Reproduce the lines below exactly, from the one containing "Modulo Bathroom furniture" through the one containing "Yerli domates 10, yerli", both included. Leave out any pictures.

MATERIAL SHOWN –
-- -- --
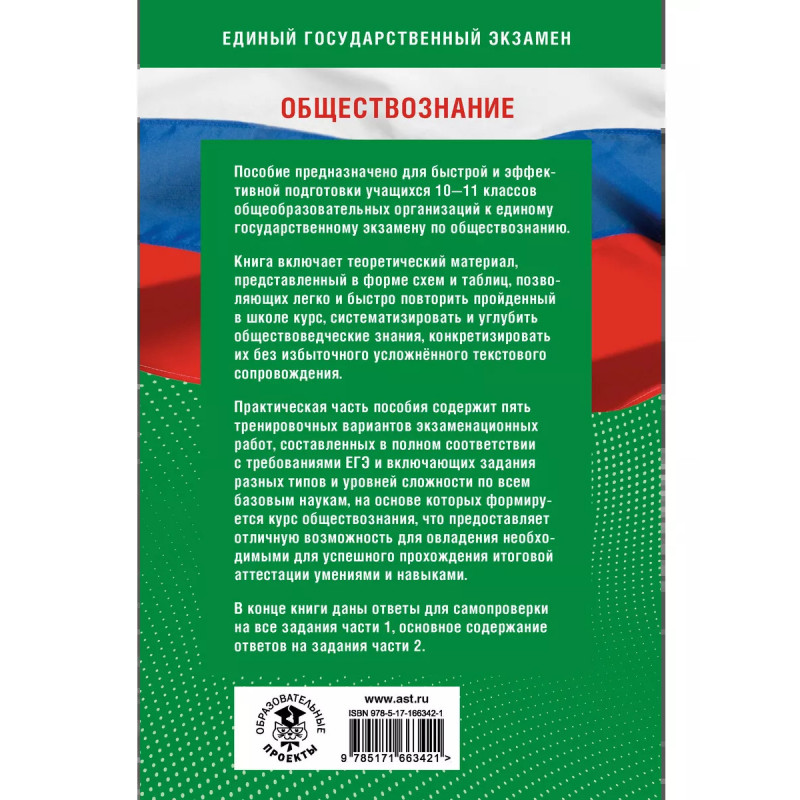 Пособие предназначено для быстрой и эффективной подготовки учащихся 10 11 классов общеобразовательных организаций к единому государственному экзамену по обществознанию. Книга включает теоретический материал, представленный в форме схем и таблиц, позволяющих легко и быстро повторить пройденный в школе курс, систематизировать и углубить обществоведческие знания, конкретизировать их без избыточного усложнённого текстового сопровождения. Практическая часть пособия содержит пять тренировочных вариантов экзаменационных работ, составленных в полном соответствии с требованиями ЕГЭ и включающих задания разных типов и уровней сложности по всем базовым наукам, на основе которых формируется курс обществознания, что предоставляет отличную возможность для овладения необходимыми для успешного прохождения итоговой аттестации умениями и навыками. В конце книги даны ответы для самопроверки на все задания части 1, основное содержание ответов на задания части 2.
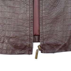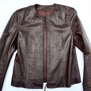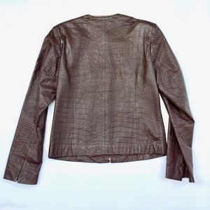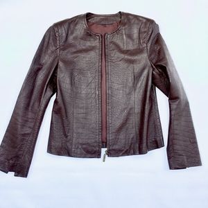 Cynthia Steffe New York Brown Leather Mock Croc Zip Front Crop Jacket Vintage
-- -- --
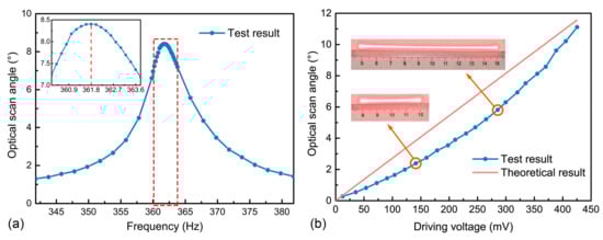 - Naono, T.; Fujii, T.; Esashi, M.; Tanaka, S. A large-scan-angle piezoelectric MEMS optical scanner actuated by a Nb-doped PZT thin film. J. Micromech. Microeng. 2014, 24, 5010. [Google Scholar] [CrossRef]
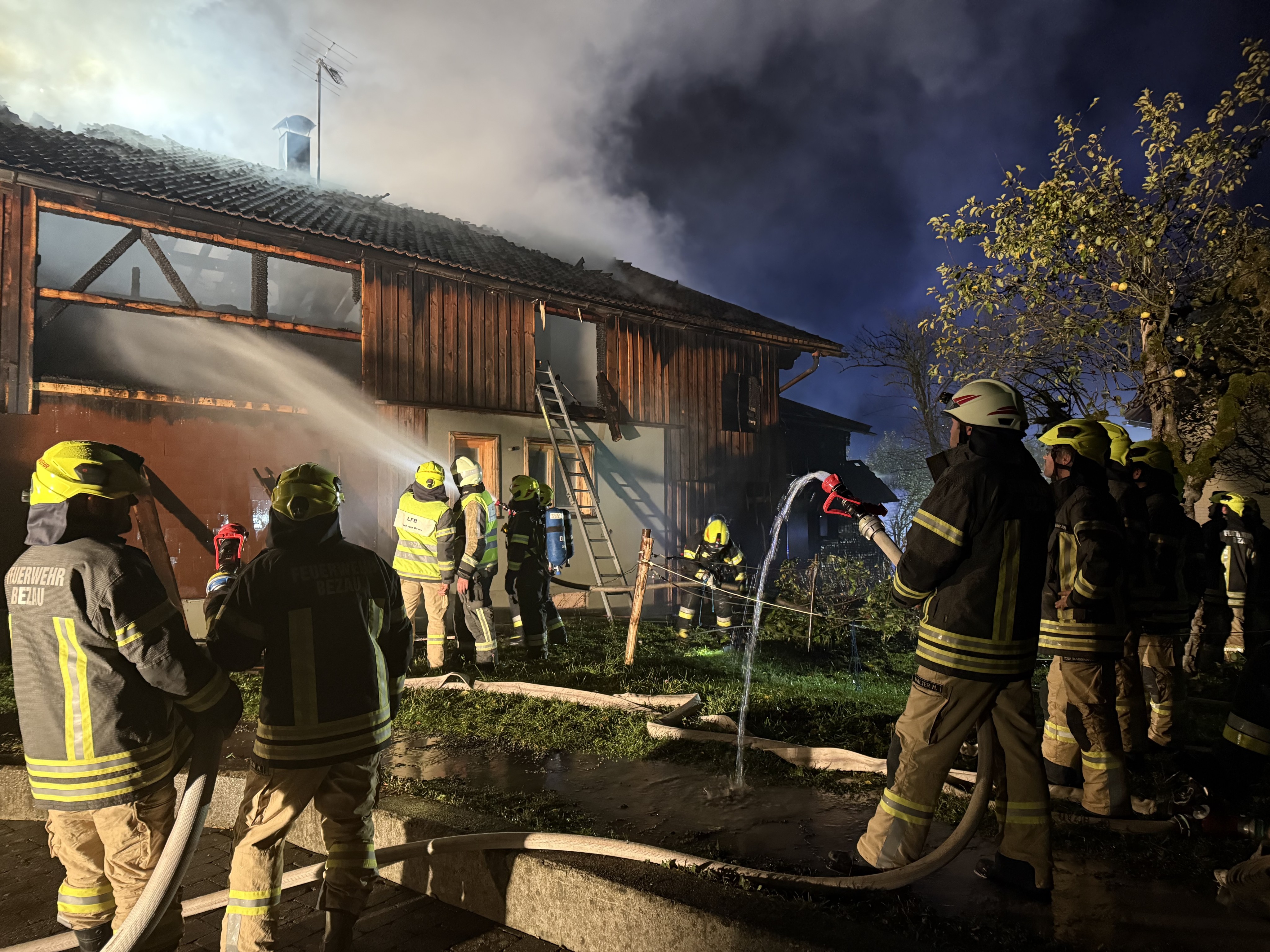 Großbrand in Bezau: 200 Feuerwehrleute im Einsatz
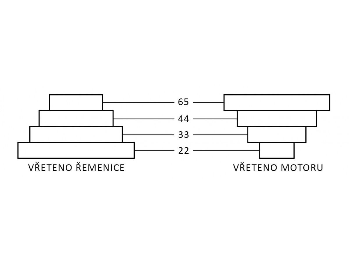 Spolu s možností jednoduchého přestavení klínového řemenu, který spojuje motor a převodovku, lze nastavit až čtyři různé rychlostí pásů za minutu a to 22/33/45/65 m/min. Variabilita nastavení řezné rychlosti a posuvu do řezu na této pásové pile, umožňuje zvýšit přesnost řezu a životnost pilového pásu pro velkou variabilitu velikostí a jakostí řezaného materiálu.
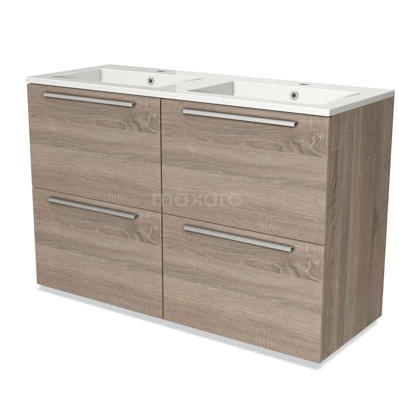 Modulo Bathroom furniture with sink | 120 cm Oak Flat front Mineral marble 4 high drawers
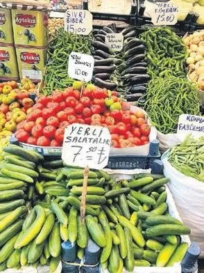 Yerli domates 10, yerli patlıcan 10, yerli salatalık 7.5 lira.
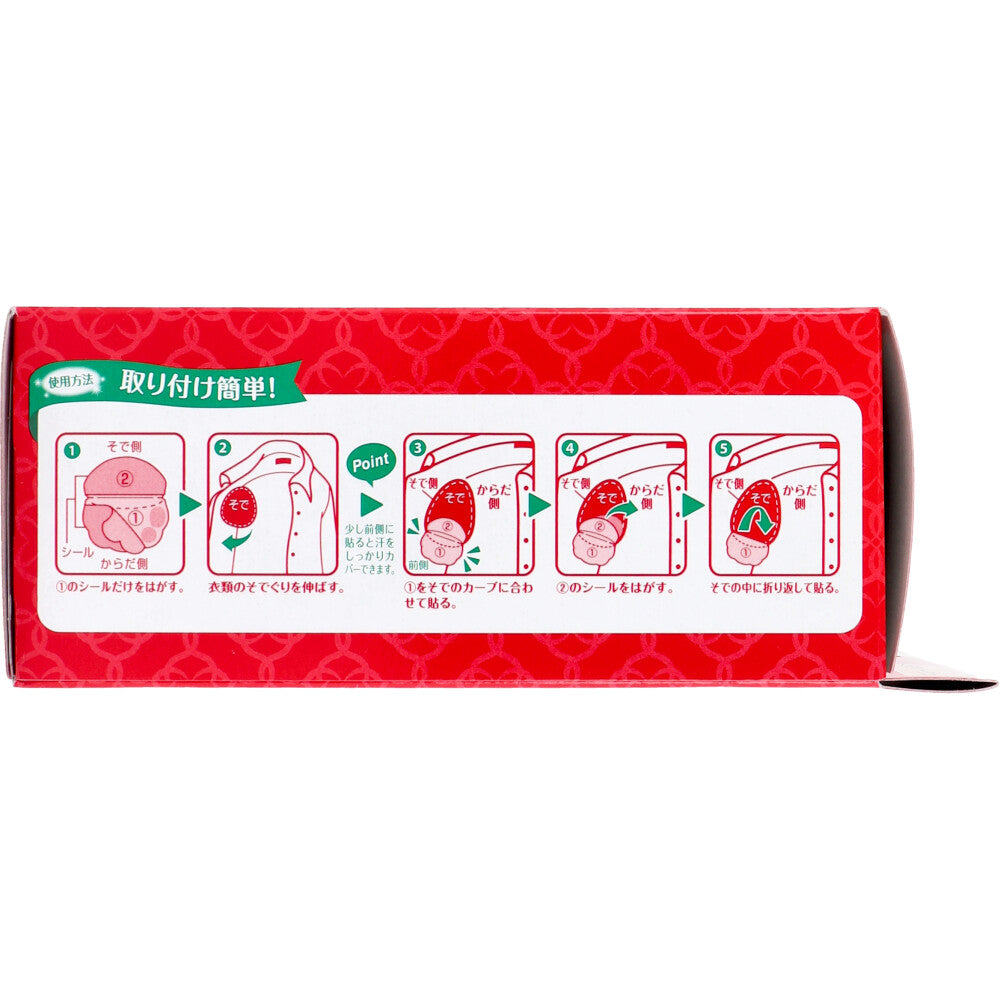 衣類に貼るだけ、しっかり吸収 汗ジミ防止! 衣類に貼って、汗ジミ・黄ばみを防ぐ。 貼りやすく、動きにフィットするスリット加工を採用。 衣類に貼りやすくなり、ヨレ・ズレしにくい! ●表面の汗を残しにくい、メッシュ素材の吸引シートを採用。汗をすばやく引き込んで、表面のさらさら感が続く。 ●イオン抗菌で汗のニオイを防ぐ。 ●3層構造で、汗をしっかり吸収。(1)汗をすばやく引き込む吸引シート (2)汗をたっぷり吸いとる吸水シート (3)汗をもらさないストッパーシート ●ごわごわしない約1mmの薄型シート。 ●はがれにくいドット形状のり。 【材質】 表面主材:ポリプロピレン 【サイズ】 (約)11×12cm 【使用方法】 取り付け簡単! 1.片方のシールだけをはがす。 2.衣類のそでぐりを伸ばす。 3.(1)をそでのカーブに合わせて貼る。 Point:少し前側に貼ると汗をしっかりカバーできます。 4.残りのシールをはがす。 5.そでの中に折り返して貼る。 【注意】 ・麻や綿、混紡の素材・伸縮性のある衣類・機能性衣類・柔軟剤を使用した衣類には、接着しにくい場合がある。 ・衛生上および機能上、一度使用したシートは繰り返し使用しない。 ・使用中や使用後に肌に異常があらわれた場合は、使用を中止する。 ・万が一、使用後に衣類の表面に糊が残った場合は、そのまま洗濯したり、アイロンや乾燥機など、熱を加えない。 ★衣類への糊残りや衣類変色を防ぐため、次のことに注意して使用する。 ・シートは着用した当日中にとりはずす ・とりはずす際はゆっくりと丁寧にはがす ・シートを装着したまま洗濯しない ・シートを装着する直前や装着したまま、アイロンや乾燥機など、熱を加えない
-- -- --
ANSWER TO THE EXERCISE –
 Modulo Bathroom furniture with sink | 120 cm Oak Flat front Mineral marble 4 high drawers
 Yerli domates 10, yerli patlıcan 10, yerli salatalık 7.5 lira.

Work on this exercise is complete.